Par acte d’huissier en date du 30 septembre 2024, le syndicat des copropriétaires de la copropriété dénommée [Adresse 3], représenté par son syndic en exercice, la SARL AGI – AGENCE GENÉRALE IMMOBILIER, a assigné Monsieur [S] [X] et Madame [I] [X], devant le président du tribunal judiciaire de Draguignan, statuant selon la procédure accélérée au fond, aux fins de paiement solidaire des sommes de 6 600,45 euros avec intérêts au taux légal à compter de la mise en demeure du 17 août 2023 au titre des charges de copropriété impayées, de 2 000 euros à titre de dommage et intérêts et de 2 400 euros sur le fondement de l’article 700 du code de procédure civile, outre les dépens.

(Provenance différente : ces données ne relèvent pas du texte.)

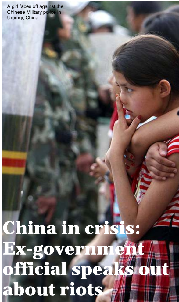
A girl faces off against the Chinese Military police in Urumqi, China.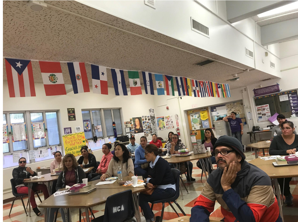
Counselors sharing data and the programs they do with our students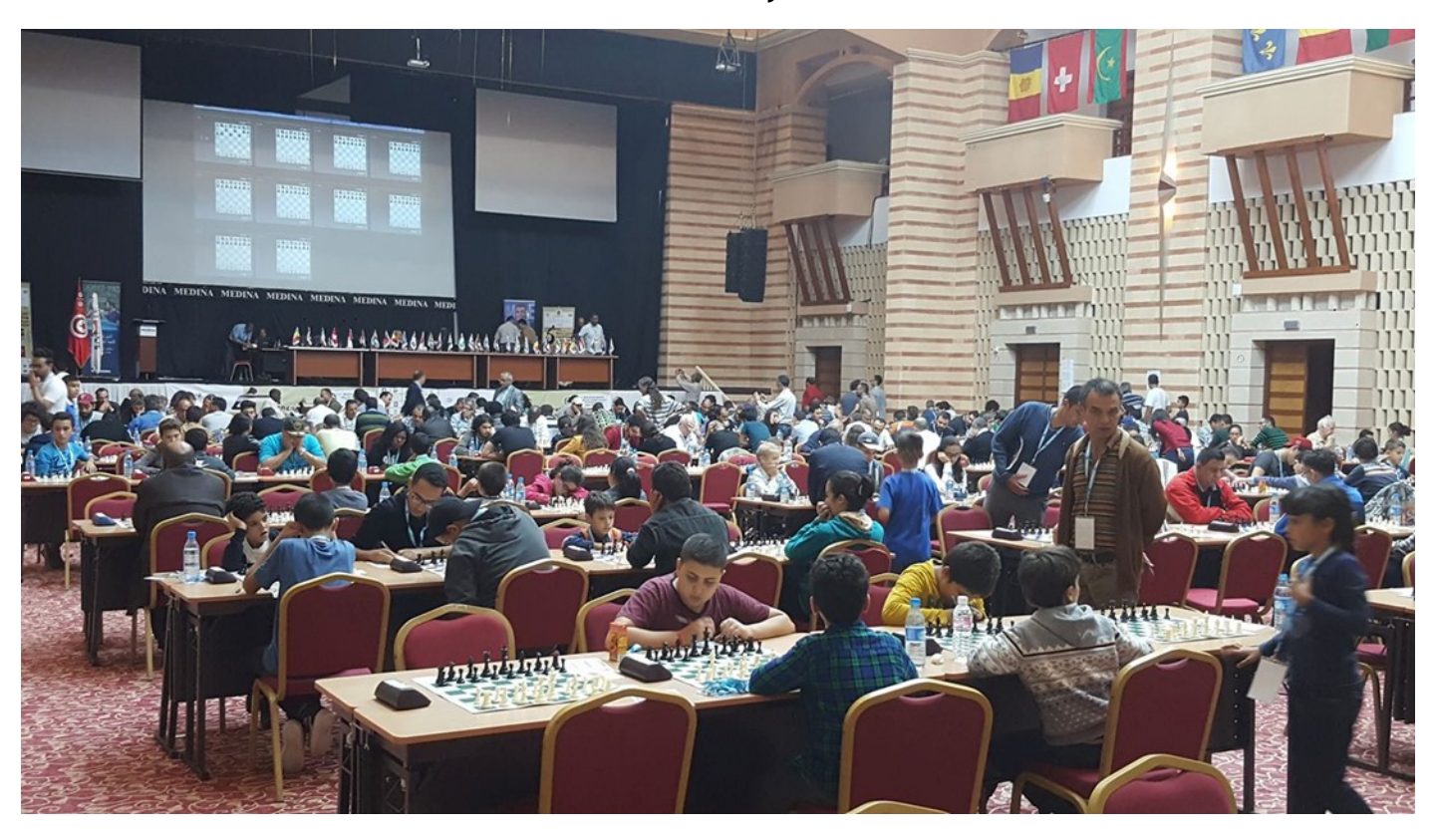
A multipurpose plenary room Hannibal (2200 people), a Caesar amphitheater (600 people), an Odyssey amphitheater (350 people), 25 sub-committee rooms (between 50 and 250 people)

The Medina Congress Centre offers a full range of rooms with modern equipment, making it the ideal place to host the playing area, analysis and arbiter's rooms, ancillary activities and the closing ceremony.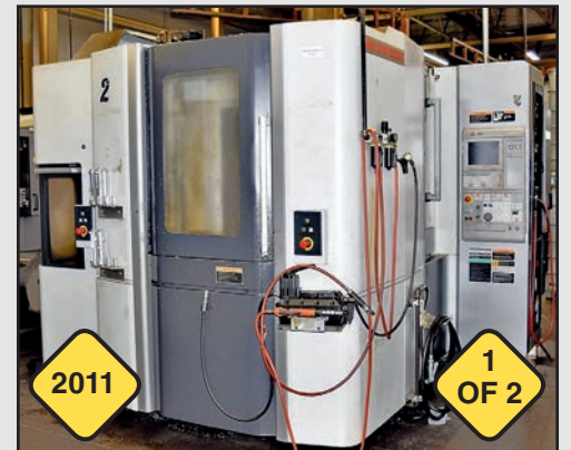
Mori Seiki NHX4000 CNC Horizontal Machining Centers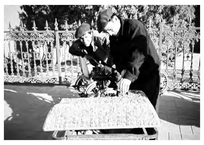
A Uighur man buying a piece of honey cake (a traditional Uighur delicacy) from a street vendor.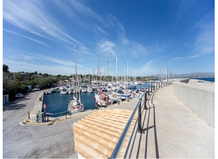
Views of the harbour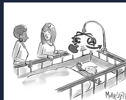
"ALEXA PICKED IT OUT."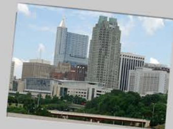
KODACHROME MAKE IN USA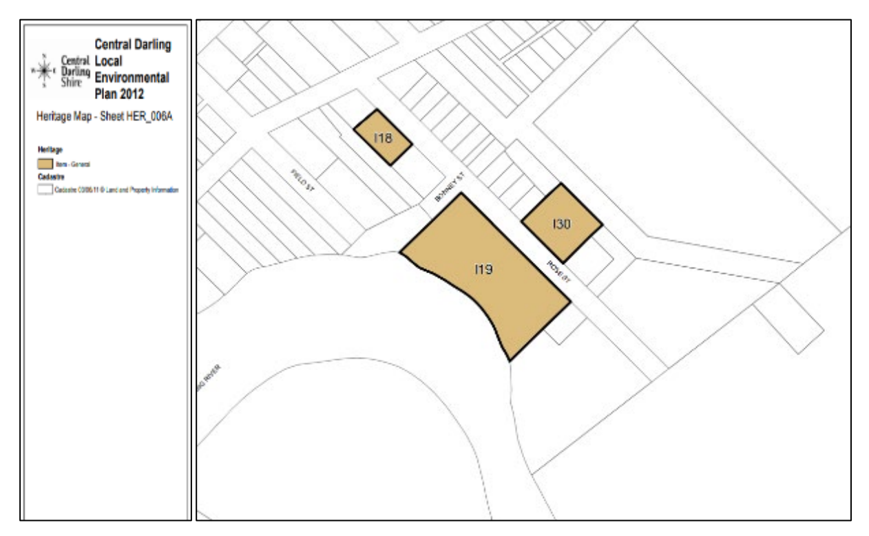
Figure: 3 -1 - 7 Ross Street Wilcannia.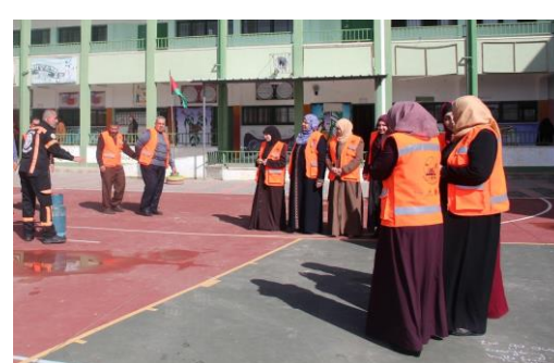
Fire safety training for teachers in Rafah as part of emergency preparedness activities in Gaza. GUCC 2018.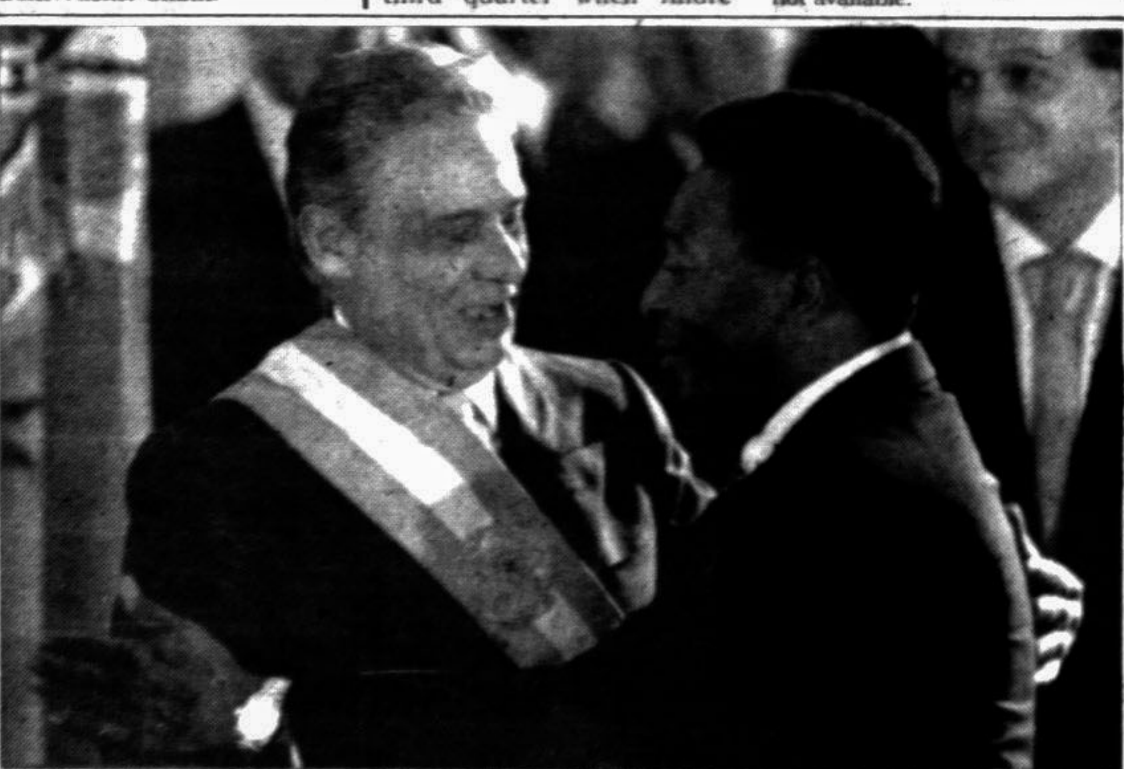
Brazilian President Fernando Henrique Cardoso (L) is congratulated by Minister for Sports Pele during Cardoso's inauguration ceremony in Brasilia on Jan 1.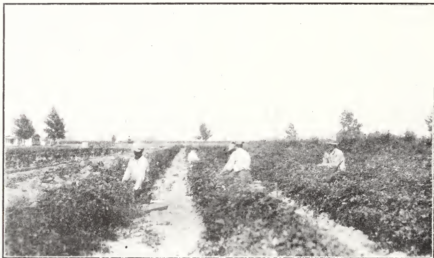
Picking Berries in one of our Gardena Dewberry Fields.

Gardena —This is the earliest and one of the most prolific of all dewberries, ripening four weeks later than the Advance blackberry, but two weeks earlier than the common varieties of blackberries. We consider the Gardena to be one of the best dewberries for planting in Southern and Central California, where it is unusually prolific and a “sure-cropper.” From one acre of Gardenas, the first year after planting, we picked 7200 pint baskets and the second season we picked 15,000 baskets. This is not an unusual yield on good land with proper care.

Bien qu’assignés à l’étude de l’huissier, Monsieur [S] [X] et Madame [I] [X] n’ont pas constitué avocat ni comparu à l’audience du 13 novembre 2024.
MOTIFS
Aux termes de l’article 474 du code de procédure civile, en cas de pluralité de défendeurs cités pour le même objet, lorsque l’un au moins d’entre eux ne comparaît pas, le jugement est réputé contradictoire à l’égard de tous si la décision est susceptible d’appel ou si ceux qui ne comparaissent pas ont été cités à personne.
Lorsque la décision n’est pas susceptible d’appel et que l’une au moins des parties qui n’a pas comparu n’a pas été citée à personne, le jugement est rendu par défaut.
L’article 10 de la loi du 10 juillet 1965 prévoit : « Les copropriétaires sont tenus de participer aux charges entraînées par les services collectifs et les éléments d’équipement commun en fonction de l’utilité que ces services et éléments présentent à l’égard de chaque lot.
Ils sont tenus de participer aux charges relatives à la conservation, à l’entretien et à l’administration des parties communes et de verser au fonds de travaux mentionné à l’article 14-2 la cotisation prévue au même article, proportionnellement aux valeurs relatives des parties privatives comprises dans leurs lots, telles que ces valeurs résultent des dispositions de l’article 5.
Le règlement de copropriété fixe la quote-part afférente à chaque lot dans chacune des catégories de charges.
Tout règlement de copropriété publié à compter du 31 décembre 2002 indique les éléments pris en considération et la méthode de calcul permettant de fixer les quotes-parts de parties communes et la répartition des charges ».
L’article 14-1 de la loi du 10 juillet 1965 dispose que « pour faire face aux dépenses courantes de maintenance, de fonctionnement et d’administration des parties communes et équipements communs de l’immeuble, le syndicat des copropriétaires vote, chaque année, un budget prévisionnel. L’assemblée générale des copropriétaires appelée à voter le budget prévisionnel est réunie dans un délai de six mois à compter du dernier jour de l’exercice comptable précédent.
Les copropriétaires versent au syndicat des provisions égales au quart du budget voté. Toutefois, l’assemblée générale peut fixer des modalités différentes.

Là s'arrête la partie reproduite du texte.